── Extracted entries ──

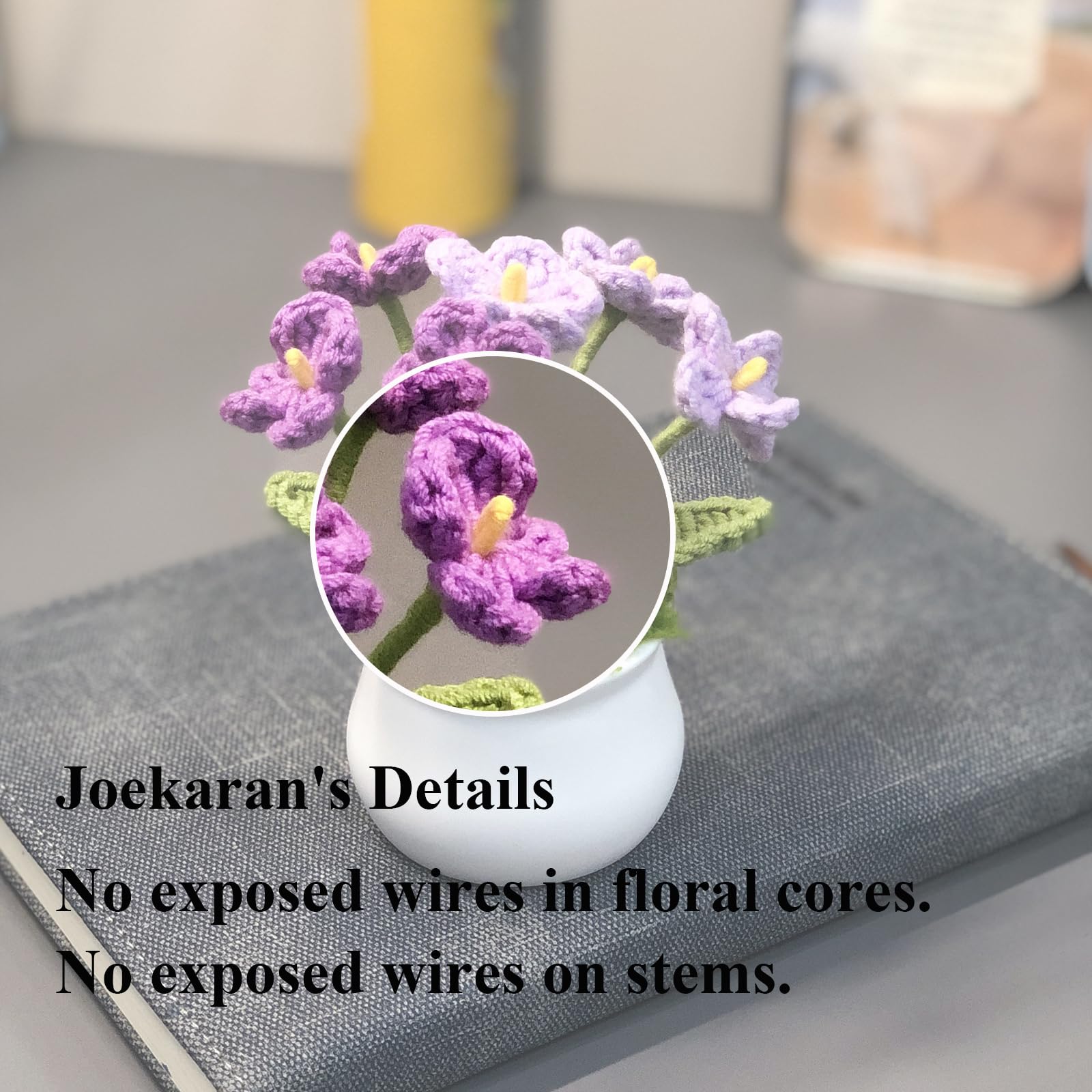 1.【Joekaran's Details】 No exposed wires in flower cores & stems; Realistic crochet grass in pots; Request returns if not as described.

───
── Extracted entries ──

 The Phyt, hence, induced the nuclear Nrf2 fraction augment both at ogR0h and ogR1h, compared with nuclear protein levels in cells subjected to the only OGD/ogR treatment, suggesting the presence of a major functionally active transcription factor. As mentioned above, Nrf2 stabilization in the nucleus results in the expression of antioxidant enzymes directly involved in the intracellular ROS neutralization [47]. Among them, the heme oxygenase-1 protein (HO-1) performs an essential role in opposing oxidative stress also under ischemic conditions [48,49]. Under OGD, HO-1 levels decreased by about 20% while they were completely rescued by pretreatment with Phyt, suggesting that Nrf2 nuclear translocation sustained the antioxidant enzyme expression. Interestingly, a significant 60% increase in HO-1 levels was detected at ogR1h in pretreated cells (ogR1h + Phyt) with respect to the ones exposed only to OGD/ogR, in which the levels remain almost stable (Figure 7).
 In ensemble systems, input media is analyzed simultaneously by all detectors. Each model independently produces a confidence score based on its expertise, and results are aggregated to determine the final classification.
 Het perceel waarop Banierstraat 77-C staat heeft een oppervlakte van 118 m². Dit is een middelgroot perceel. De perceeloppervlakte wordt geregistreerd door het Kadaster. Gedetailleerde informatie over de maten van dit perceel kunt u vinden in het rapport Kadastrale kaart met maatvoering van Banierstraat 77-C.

───

**Task prompt**.
Provide every line from the material that contains the word "results".

**Exercise output**.
 The Phyt, hence, induced the nuclear Nrf2 fraction augment both at ogR0h and ogR1h, compared with nuclear protein levels in cells subjected to the only OGD/ogR treatment, suggesting the presence of a major functionally active transcription factor. As mentioned above, Nrf2 stabilization in the nucleus results in the expression of antioxidant enzymes directly involved in the intracellular ROS neutralization [47]. Among them, the heme oxygenase-1 protein (HO-1) performs an essential role in opposing oxidative stress also under ischemic conditions [48,49]. Under OGD, HO-1 levels decreased by about 20% while they were completely rescued by pretreatment with Phyt, suggesting that Nrf2 nuclear translocation sustained the antioxidant enzyme expression. Interestingly, a significant 60% increase in HO-1 levels was detected at ogR1h in pretreated cells (ogR1h + Phyt) with respect to the ones exposed only to OGD/ogR, in which the levels remain almost stable (Figure 7).
 In ensemble systems, input media is analyzed simultaneously by all detectors. Each model independently produces a confidence score based on its expertise, and results are aggregated to determine the final classification.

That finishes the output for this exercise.